Former au Cameroun, pour le Cameroun d’abord, le canadien ensuite
La concertation du 12 mai dernier fait suite à une séance de travail tenue, le 29 avril 2026 entre le ministre du Commerce et S.E Marie-Claude Harvey, Haute-Commissaire du Canada au Cameroun, venue accompagnée d’une délégation de quatre experts en charge des questions migratoires. Lors de cette rencontre préliminaire, la partie canadienne avait exposé la nouvelle approche qu’entend adopter Ottawa pour rationaliser les flux migratoires en provenance du Cameroun, tout en jetant les bases de programmes de formation technique ajustés aux besoins des deux pays. « Il est désormais question de parler d’une immigration maîtrisée », avait alors affirmé Luc Magloire Mbarga Atangana.

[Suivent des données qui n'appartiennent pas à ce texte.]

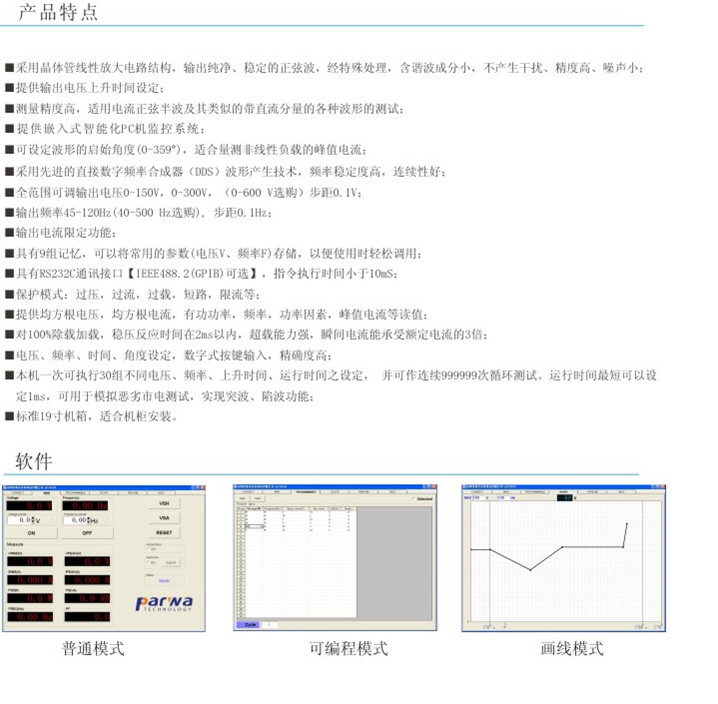 ■本机一次可执行30组不同电压、频率、渐变时间、运行时间之设定, 并可作连续作999999次循环测试。运行时间短可以设定1ms,可用于模拟恶劣市电测试,实现突波、陷波功能;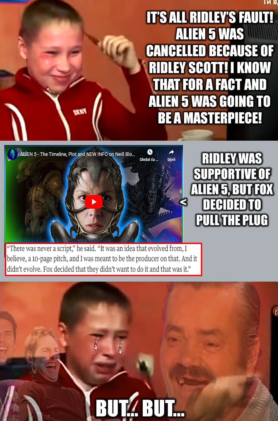 Towards the end of the video (at 37:17), Mike said he was told some plot details about Blomkamp’s alien film by the former executives, folks who worked on the special effects. While he wasn’t able to share everything about the plot yet in case it may get reused in future projects, he did share this plot detail: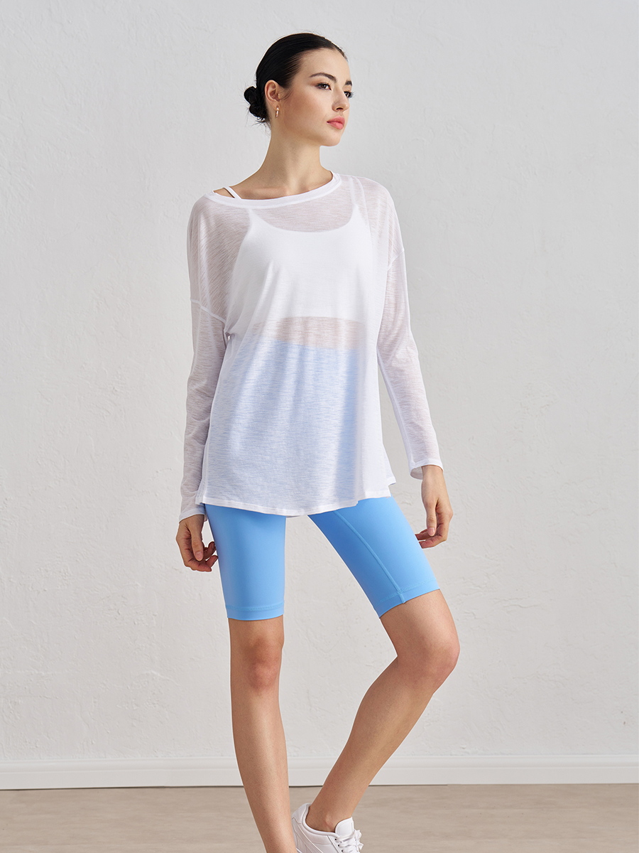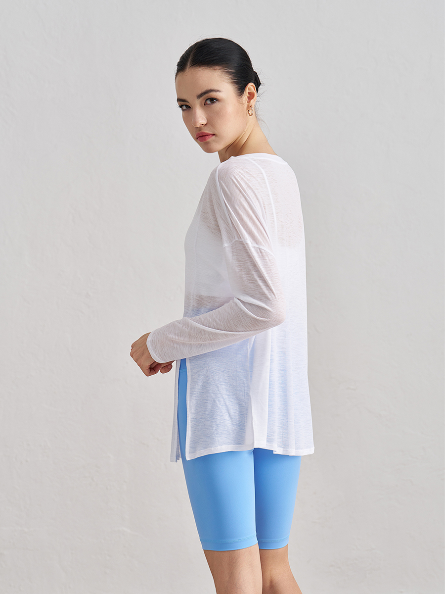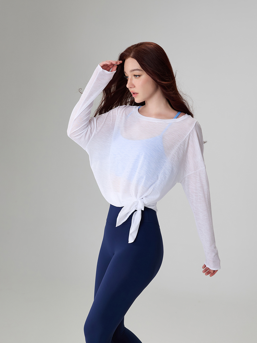 Лонгслив отлично подходит для занятий йогой, прогулок и повседневной носки. Его можно сочетать с джинсами, леггинсами или использовать как накидку на купальник.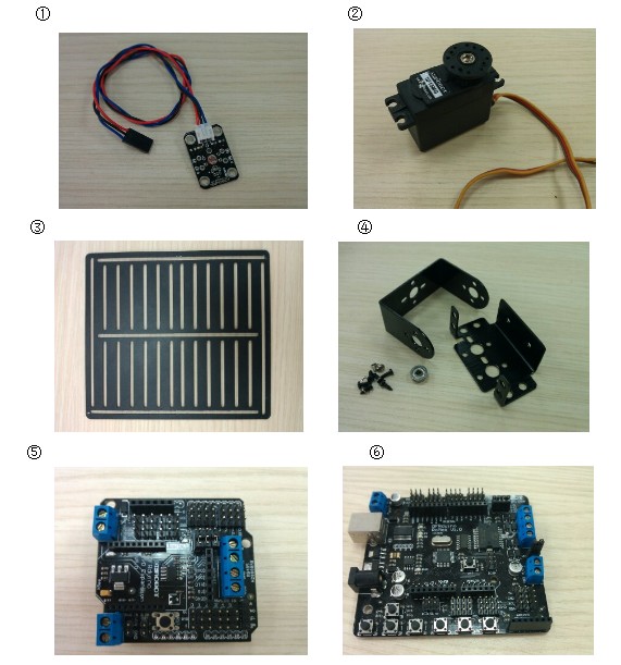 筆者使用DFRobot 的Romeo控制器對(duì)小車(chē)平臺(tái)做直接的電機(jī)控制。首先準(zhǔn)備好制作“向日葵”的材料,這里用到了4個(gè)光線傳感器、2個(gè)舵機(jī)及固定支架、1塊擴(kuò)展板、1塊控制板、1塊多功能固定板、1部Rover 5小車(chē)(將向日葵固定在小車(chē)上,方便全方位監(jiān)測(cè))、1塊太陽(yáng)能板,最后別忘了電源(7~12V)。詳細(xì)信息如表1所示。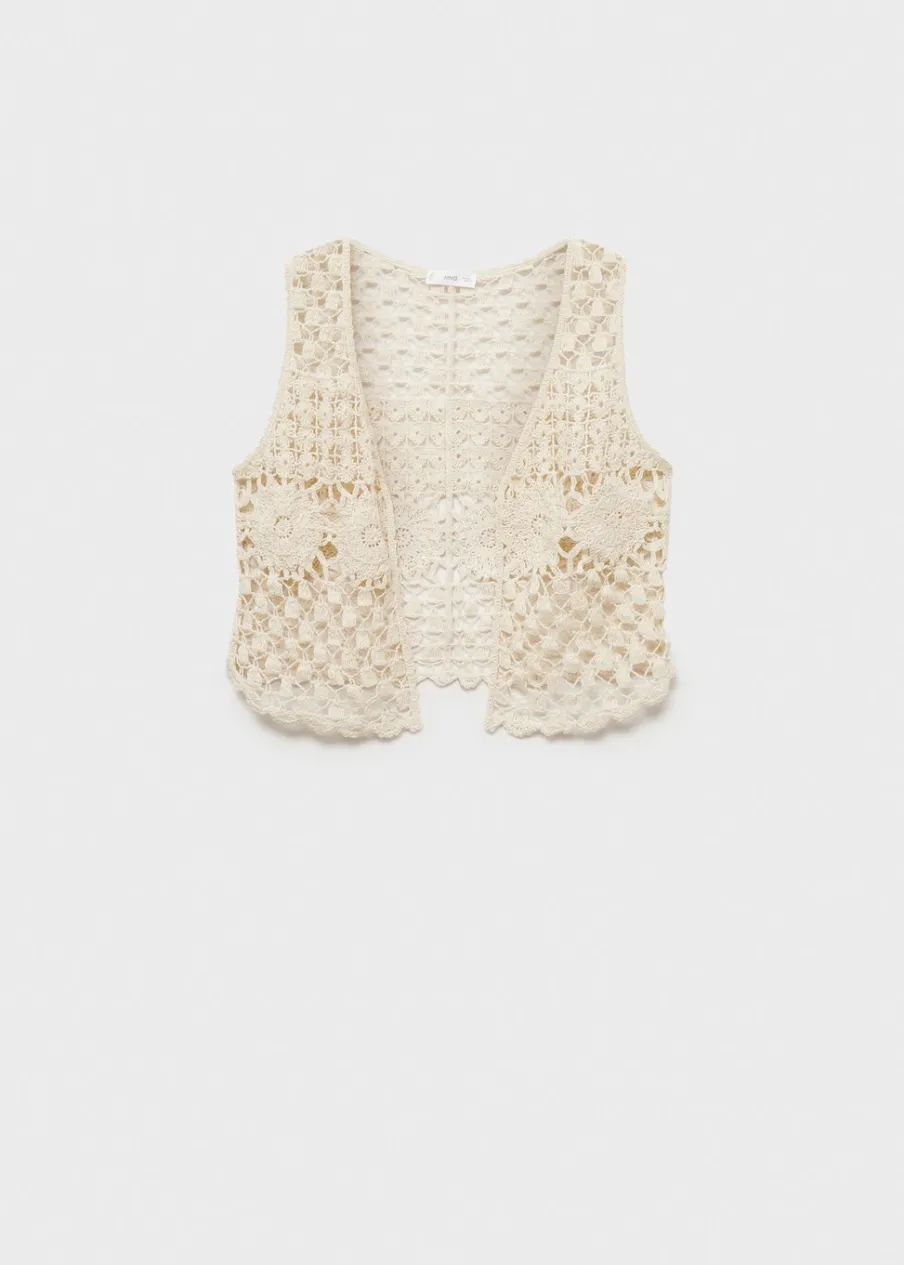 OpisSzydełkowy model. Model prosty. Deseń crop. Bez rękawów. Otwarty dekolt. Bez zapięcia.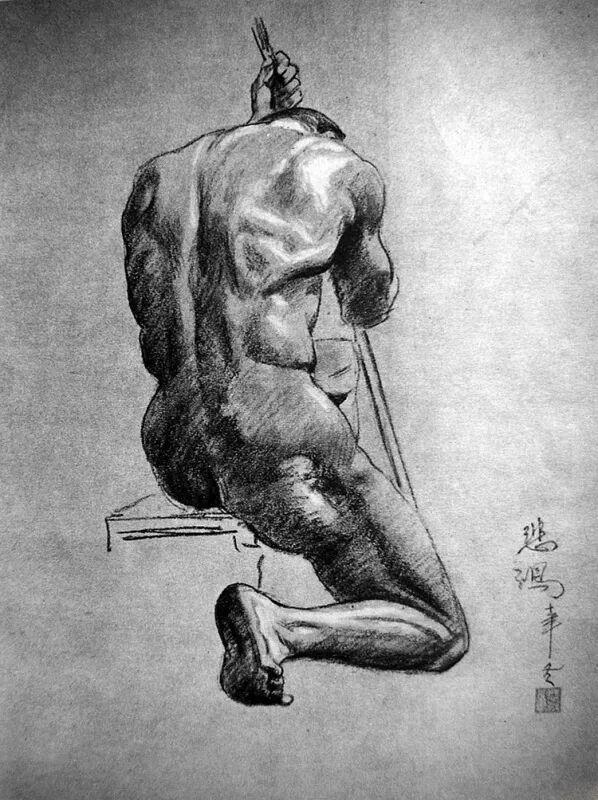 徐悲鸿被尊称为中国现代美术教育的奠基者,他主张发展“传统中国画”的改良,立足中国现代写实主义美术,提出了近代国画之颓废背景下的《中国画改良论》。

Le catalyseur de cette dynamique est le Mémorandum of Understanding (MoU) signé, le 18 février 2026 entre le ministère du Commerce et le ministère de l’Enseignement supérieur, au bénéfice de l’ENSPY, établissement spécialisé relevant de l’Université de Yaoundé I. C’est précisément ce créneau institutionnel que le Haut-Commissariat du Canada a choisi d’investir, en y greffant la dimension de la mobilité et de la formation des jeunes. Le temps des visas frauduleux et des départs sans horizon est donc peut-être révolu. C’est en substance le message que porte la nouvelle architecture de coopération que le Cameroun et le Canada ont entrepris de bâtir ensemble, autour d’un modèle aussi ambitieux qu’innovant : former au Cameroun, pour le Cameroun d’abord, et pour le marché du travail canadien ensuite.